Recorded information
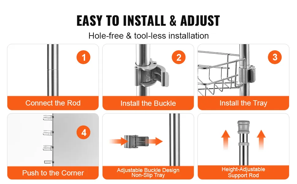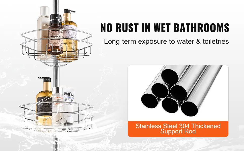 L'organizzatore da bagno del palo di tensione del caddy angolare della doccia è realizzato in acciaio inossidabile di alta qualità, resistente alla corrosione e robusto. Anche se immerso in acqua per un lungo periodo di tempo o in frequente contatto.
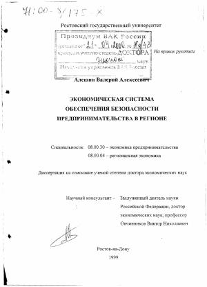 Экономическая система обеспечения безопасности предпринимательства в регионе
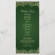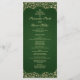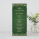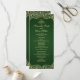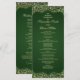 Esta design de casamento irradia a elegância do eterno com seu rico fundo verde combinado com detalhes de damascos do ouro do ornamentado. O lado frontal apresenta o programa de casamento de cheio enquadrado por intrincados florescimentos de ouro em um painel verde profundo, criando um olhar luxuoso e real. No verso, os nomes do casal são realçados dentro de um quadro circular de ouro damask, combinando perfeitamente sofisticação e celebração. A combinação verde e ouro oferece um estilo clássico, mas impressionante, ideal para cerimônias formais de casamento..02
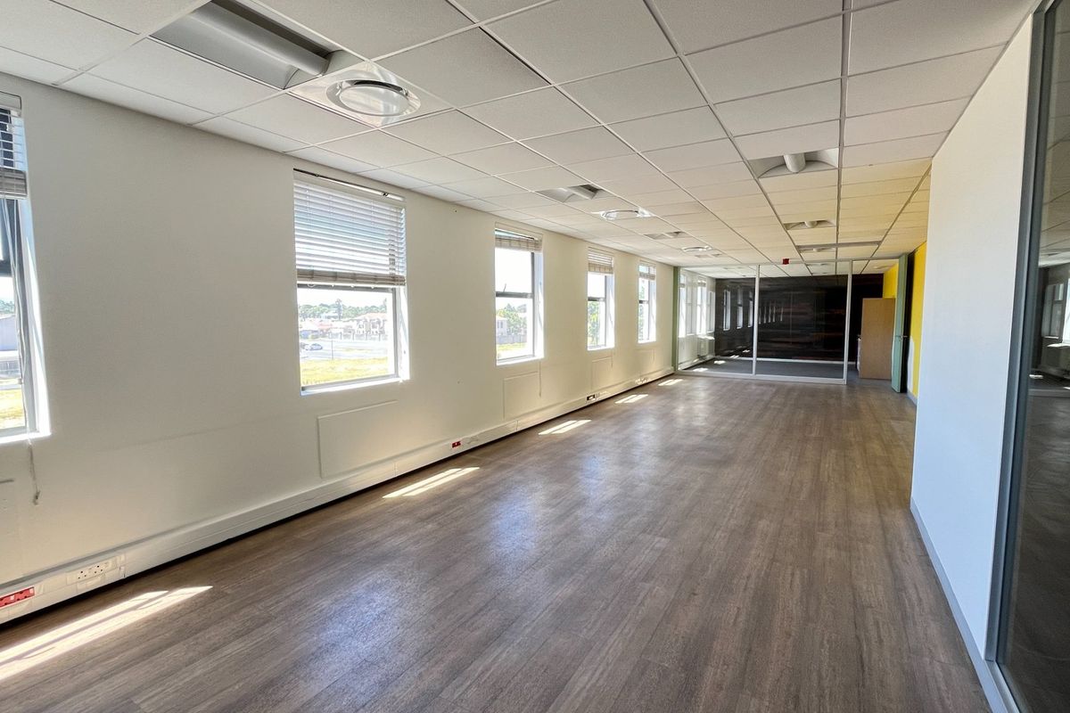 184m² first-floor office in Estuaries Business Park with 4 offices, 1 boardroom, and secure parking.

Your objective
Transcribe the whole listing exactly but exclude images.

Result below
 L'organizzatore da bagno del palo di tensione del caddy angolare della doccia è realizzato in acciaio inossidabile di alta qualità, resistente alla corrosione e robusto. Anche se immerso in acqua per un lungo periodo di tempo o in frequente contatto.
 Экономическая система обеспечения безопасности предпринимательства в регионе
 Esta design de casamento irradia a elegância do eterno com seu rico fundo verde combinado com detalhes de damascos do ouro do ornamentado. O lado frontal apresenta o programa de casamento de cheio enquadrado por intrincados florescimentos de ouro em um painel verde profundo, criando um olhar luxuoso e real. No verso, os nomes do casal são realçados dentro de um quadro circular de ouro damask, combinando perfeitamente sofisticação e celebração. A combinação verde e ouro oferece um estilo clássico, mas impressionante, ideal para cerimônias formais de casamento..02
 184m² first-floor office in Estuaries Business Park with 4 offices, 1 boardroom, and secure parking.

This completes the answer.